Moggridgea rupicoloides

Scientific classification
- Kingdom: Animalia
- Phylum: Arthropoda
- Subphylum: Chelicerata
- Class: Arachnida
- Order: Araneae
- Infraorder: Mygalomorphae
- Family: Migidae
- Genus: Moggridgea
- Species: M. rupicoloides
- Binomial name: Moggridgea rupicoloides Hewitt, 1914

= Moggridgea rupicoloides =

- Authority: Hewitt, 1914

Species of spider

Moggridgea rupicoloides is a species of spider in the family Migidae. It is endemic to the Eastern Cape province of South Africa.

== Distribution ==
Moggridgea rupicoloides is known from several localities in the Eastern Cape, including Grahamstown, Somerset East (Craigie Burn), Uitenhage, Redhouse, and Addo Elephant National Park.

== Habitat ==
The species occurs at altitudes ranging from 5 to 737 m above sea level.

== Description ==
Moggridgea rupicoloides is known only from adult females: it was discovered by Hewitt in 1914, while Griswold in 1987 refined the original description by redescribing, as well as illustrating this species.
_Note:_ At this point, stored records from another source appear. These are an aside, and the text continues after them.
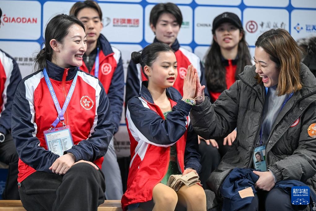 2月21日,在第十四屆全國冬季運(yùn)動(dòng)會(huì)花樣滑冰公開組團(tuán)體賽女子單人滑短節(jié)目比賽中,香港隊(duì)選手郭幸儀(前左二)在等分區(qū)與領(lǐng)隊(duì)葉丹丹擊掌慶祝。
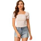 uxcell Allegra K フローラルブラウス スモッククロップトップ スリムフィット レディース ホワイト M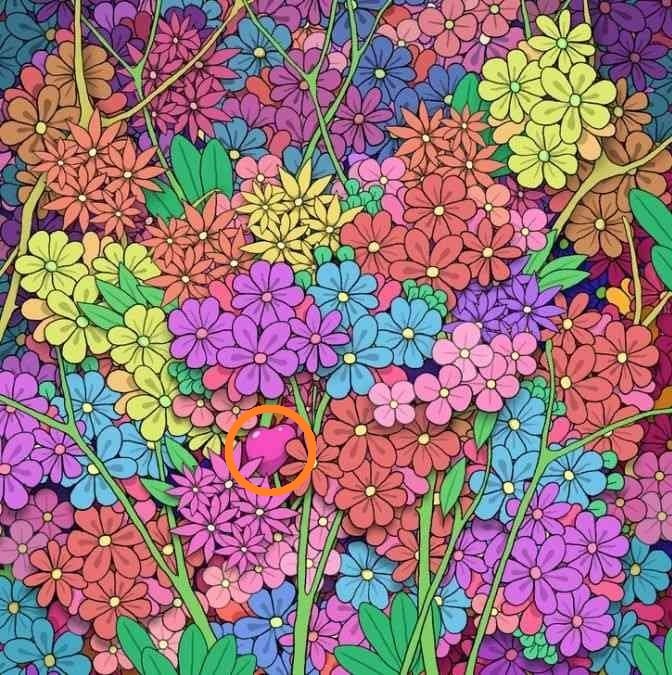 Ar jaučiatės pasirengę išbandyti savo regėjimo aštrumą ir dėmesio koncentraciją? Ši optinė iliuzija – tikras išbandymas net patyrusiems galvosūkių mėgėjams. Prieš jus – gėlių laukas, spalvinga ir gyva mozaika. Tačiau tarp šių daugybės žiedų ir lapų viena detalė visiškai netelpa į bendrą vaizdą: paprasta širdies formos figūrėlė. Jūsų tikslas – ją aptikti vos per 11 sekundžių. Skubėkite, laikas jau pradėjo skaičiuoti!

The sampled females conform to the characteristics of their genus, Moggridgea, as well as the family Migidae: an oval abdomen, a caraspace with a recurved fovea and a relatively glabrous cephalic region, cuspules present on the labium and pedipalpal coxa, and the posterior lateral spinnerets three-segmented with a domed apical segment. These somatic characteristics and the trichobothrial/spinneret details were used to determine this species’ classification under the genus Moggridgea and are discussed and illustrated in Griswold (1987) and are summarized in the South African National Survey of Arachnida (SANSA) Migidae guide.

Griswold (1987) provides line drawings and plates of the female habitus, caraspace, and spermathecae, which remain the principal diagnostic illustrations for the species; because males have not been collected, characters based on male palpal morphology are unavailable and identification relies on female somatic characters and spermathecal structure.
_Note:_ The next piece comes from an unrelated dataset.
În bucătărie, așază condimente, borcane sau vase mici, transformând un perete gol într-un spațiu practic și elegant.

Collection notes associated with the type material and later records indicate that adult females were obtained from nests under rocks and large stones (rupicolous trapdoor nests) and have been collected in April and in September–October; these ecological/collection data are often cited alongside the morphological description because they help locate and recognize specimens in the field.

== Ecology ==
Moggridgea rupicoloides is a rupicolous trapdoor species. The type series was collected from nests found under the shelter of rocks and large stones. Adult females were collected in April and September to October.

== Conservation ==
Moggridgea rupicoloides is listed as Data Deficient due to taxonomic reasons. The male remains unknown, and additional sampling is needed to determine the species' current range. The species is protected in Addo Elephant National Park.

== Taxonomy ==
The species was originally described by John Hewitt in 1914 from Grahamstown and later revised by Charles E. Griswold in 1987.